Exercise instructions: Please write out only the lines from the one containing "中马协关于举办马术项目考评员业务培训的通知" through the last line of the listing. Do not include pictures.

Dataset section:
"""
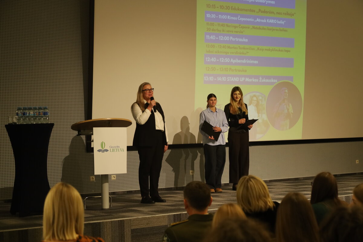 Didžiojoje salėje „Nemunas“ – įkvepiantys verslo atstovų pranešimai apie karjeros kelius, iššūkius ir sėkmės istorijas.
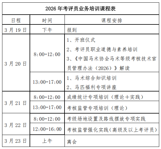 中马协关于举办马术项目考评员业务培训的通知
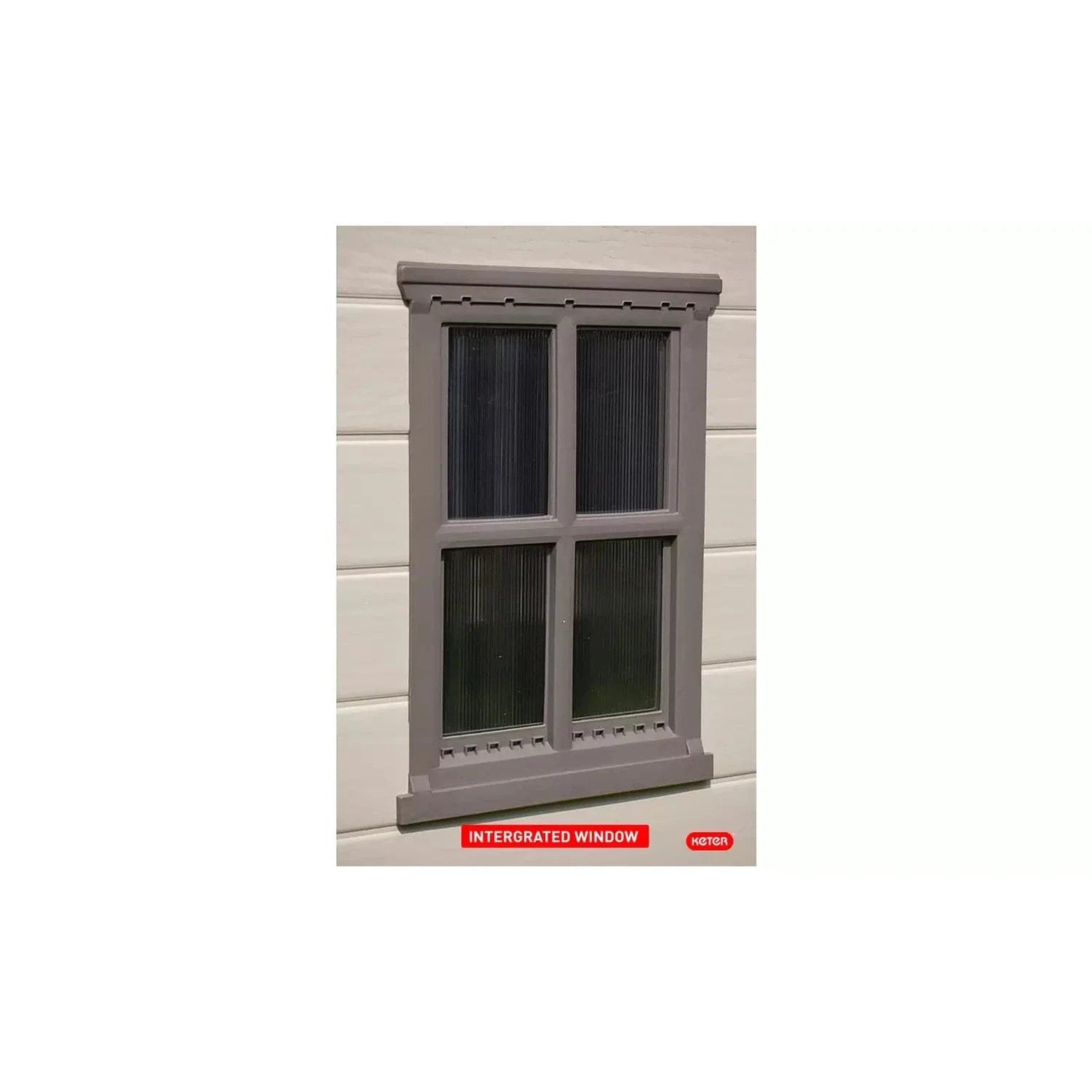 This wood effect shed is constructed out of a weather-resistant plastic with steel reinforcement, providing durability and a low maintenance feature. The Factor 4 x 6 also has a heavy-duty floor panel to give support to your heavy items, built-in ventilation, a window to allow natural lighting and a secondary door that provides a wider entry to give increased accessibility.
"""
Exercise output:
 中马协关于举办马术项目考评员业务培训的通知
 This wood effect shed is constructed out of a weather-resistant plastic with steel reinforcement, providing durability and a low maintenance feature. The Factor 4 x 6 also has a heavy-duty floor panel to give support to your heavy items, built-in ventilation, a window to allow natural lighting and a secondary door that provides a wider entry to give increased accessibility.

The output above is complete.